** Extracted data follows **

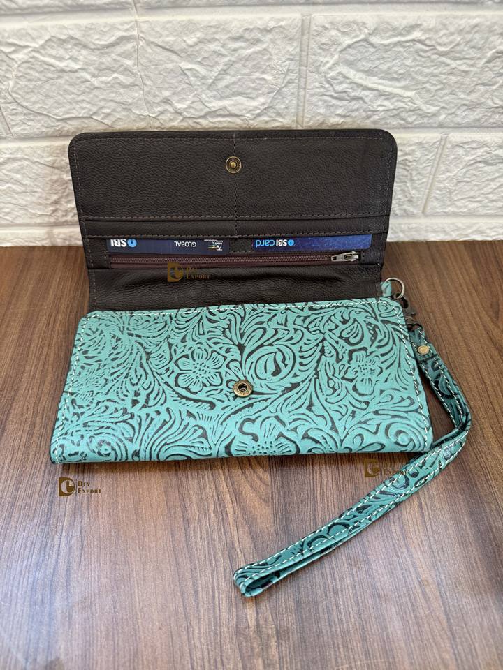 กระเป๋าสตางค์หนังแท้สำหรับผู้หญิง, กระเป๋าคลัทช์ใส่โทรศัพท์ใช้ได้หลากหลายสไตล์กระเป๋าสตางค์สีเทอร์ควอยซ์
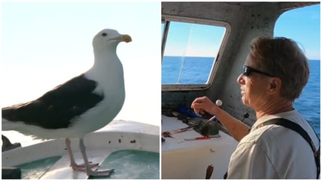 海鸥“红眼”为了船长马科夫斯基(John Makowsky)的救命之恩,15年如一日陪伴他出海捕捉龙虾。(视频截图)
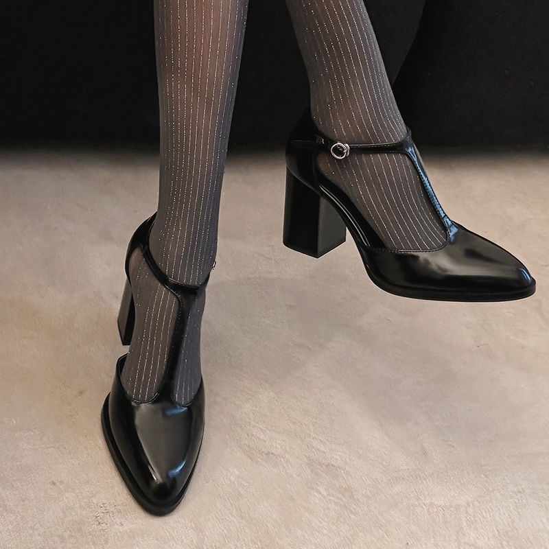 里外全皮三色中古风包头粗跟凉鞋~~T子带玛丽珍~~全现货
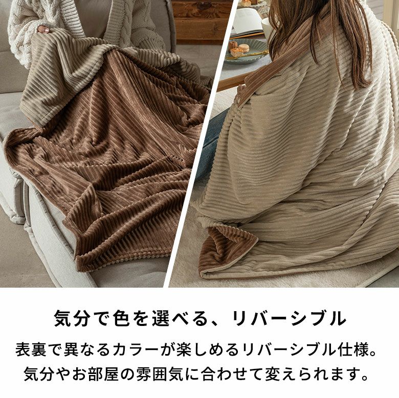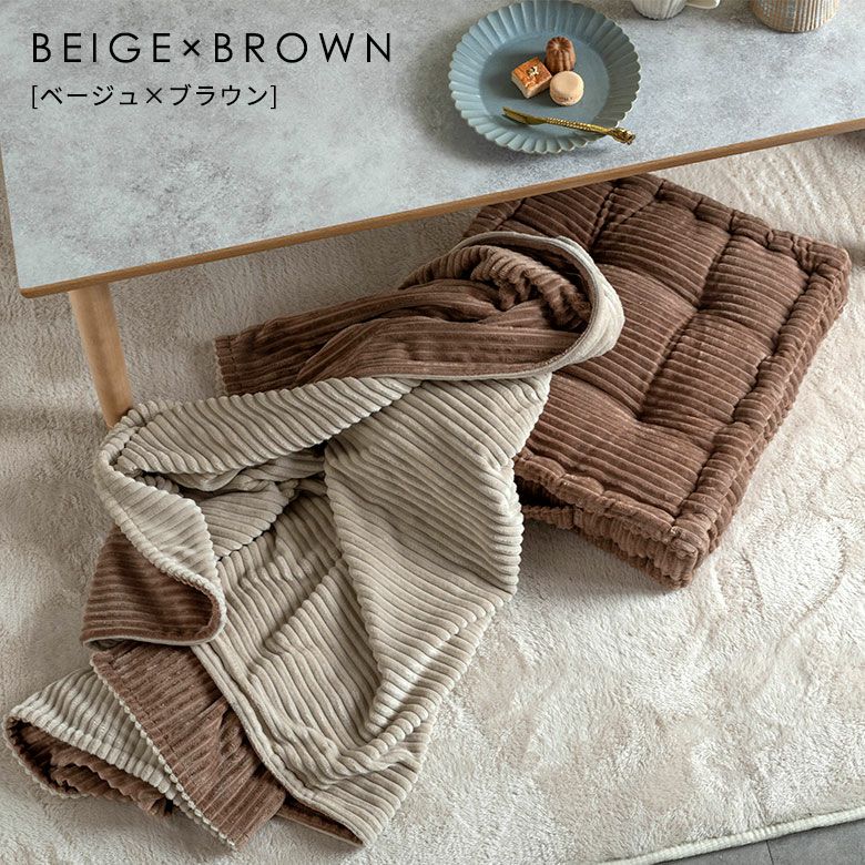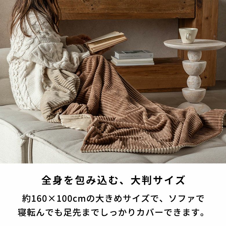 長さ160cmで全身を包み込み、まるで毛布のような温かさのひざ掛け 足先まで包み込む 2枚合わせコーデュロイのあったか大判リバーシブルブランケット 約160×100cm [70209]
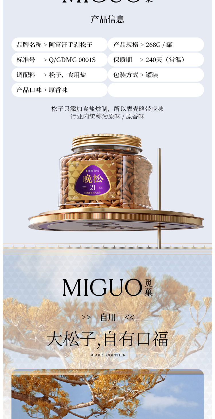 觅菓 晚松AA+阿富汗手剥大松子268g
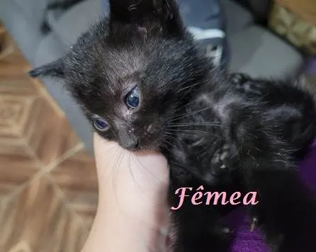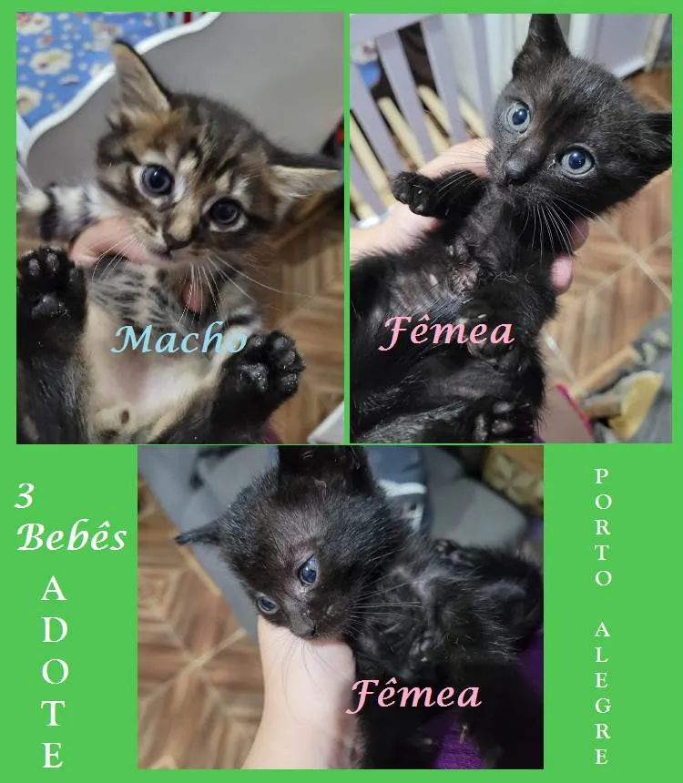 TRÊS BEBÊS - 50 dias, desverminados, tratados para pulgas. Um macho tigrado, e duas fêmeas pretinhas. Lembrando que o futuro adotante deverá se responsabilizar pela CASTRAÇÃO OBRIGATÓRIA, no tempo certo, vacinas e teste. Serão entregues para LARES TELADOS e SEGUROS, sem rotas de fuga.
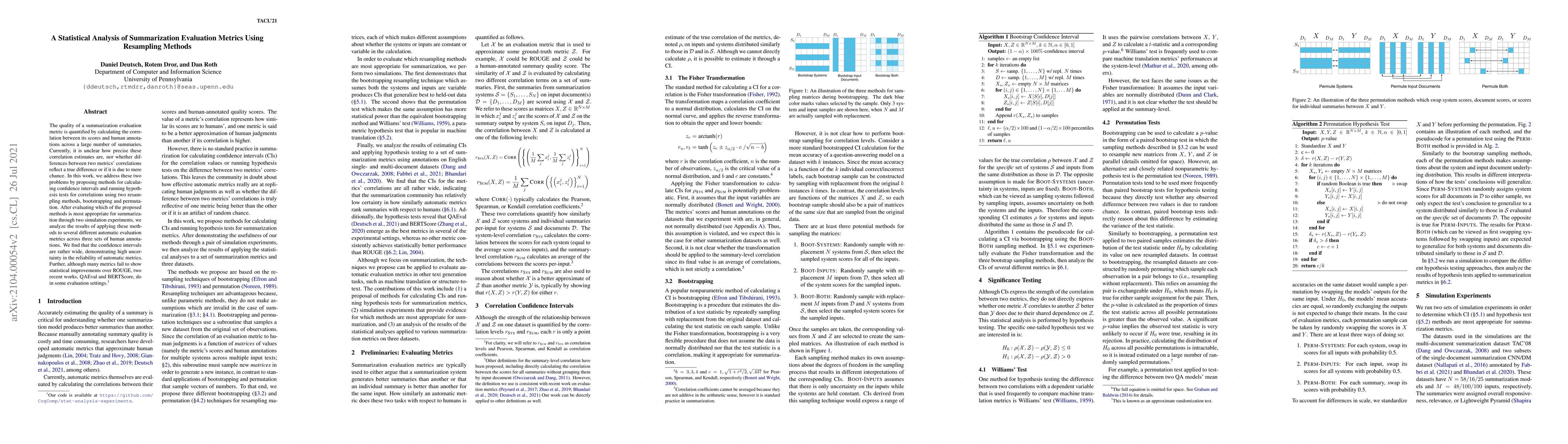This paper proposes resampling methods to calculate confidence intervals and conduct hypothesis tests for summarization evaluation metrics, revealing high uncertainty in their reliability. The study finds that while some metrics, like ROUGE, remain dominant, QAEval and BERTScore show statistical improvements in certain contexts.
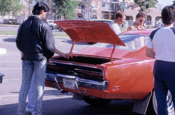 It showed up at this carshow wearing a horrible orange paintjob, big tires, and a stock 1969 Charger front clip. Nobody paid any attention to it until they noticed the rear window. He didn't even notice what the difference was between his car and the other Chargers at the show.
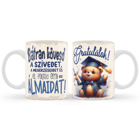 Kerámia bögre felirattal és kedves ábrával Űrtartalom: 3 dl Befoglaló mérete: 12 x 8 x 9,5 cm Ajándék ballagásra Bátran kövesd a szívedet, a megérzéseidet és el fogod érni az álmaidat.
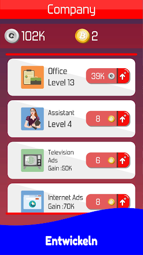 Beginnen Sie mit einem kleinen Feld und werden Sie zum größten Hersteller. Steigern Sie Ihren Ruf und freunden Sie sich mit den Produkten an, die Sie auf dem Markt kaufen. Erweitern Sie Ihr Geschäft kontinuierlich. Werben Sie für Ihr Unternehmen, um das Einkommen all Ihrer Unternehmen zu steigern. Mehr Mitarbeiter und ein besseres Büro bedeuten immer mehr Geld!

** End of Extracted data **
** Extracted data follows **

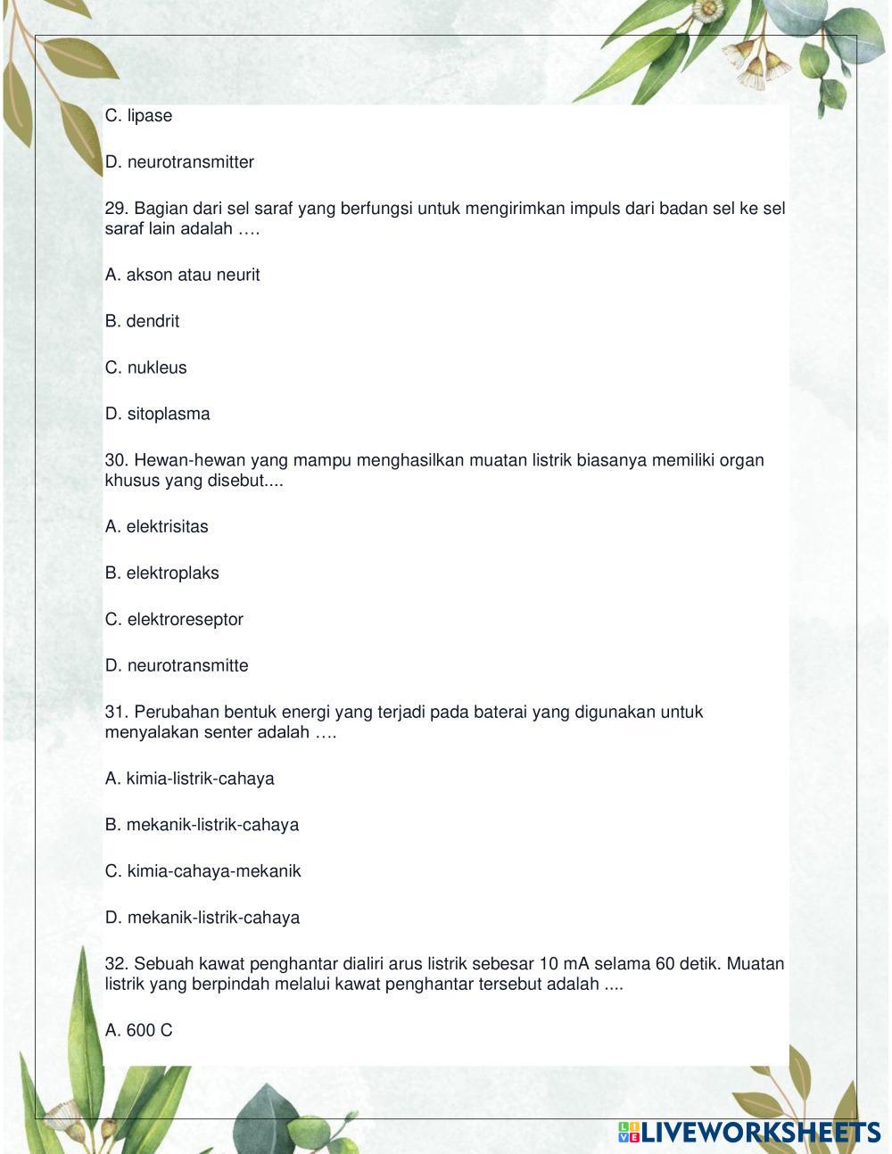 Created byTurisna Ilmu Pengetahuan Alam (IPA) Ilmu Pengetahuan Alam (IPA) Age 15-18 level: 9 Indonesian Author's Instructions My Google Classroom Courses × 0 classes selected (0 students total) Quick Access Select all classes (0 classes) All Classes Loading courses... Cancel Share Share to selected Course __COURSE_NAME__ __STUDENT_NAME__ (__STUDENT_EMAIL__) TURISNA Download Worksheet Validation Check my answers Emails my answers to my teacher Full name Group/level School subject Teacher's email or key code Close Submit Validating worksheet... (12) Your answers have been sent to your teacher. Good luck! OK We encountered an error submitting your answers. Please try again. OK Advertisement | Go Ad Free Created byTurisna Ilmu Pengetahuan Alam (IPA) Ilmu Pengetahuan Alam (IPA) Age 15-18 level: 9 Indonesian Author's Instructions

** End of Extracted data **

# [What you are asked to do]
Above is the material; set down exactly its lines from the one containing "กระเป๋าสตางค์ห" down to the one containing "2枚合わせコーデュロイのあったか大判リバーシブルブランケット 約160×100cm [70209]", both included, leaving out any pictures.

# [The answer]
 กระเป๋าสตางค์หนังแท้สำหรับผู้หญิง, กระเป๋าคลัทช์ใส่โทรศัพท์ใช้ได้หลากหลายสไตล์กระเป๋าสตางค์สีเทอร์ควอยซ์
 海鸥“红眼”为了船长马科夫斯基(John Makowsky)的救命之恩,15年如一日陪伴他出海捕捉龙虾。(视频截图)
 里外全皮三色中古风包头粗跟凉鞋~~T子带玛丽珍~~全现货
 長さ160cmで全身を包み込み、まるで毛布のような温かさのひざ掛け 足先まで包み込む 2枚合わせコーデュロイのあったか大判リバーシブルブランケット 約160×100cm [70209]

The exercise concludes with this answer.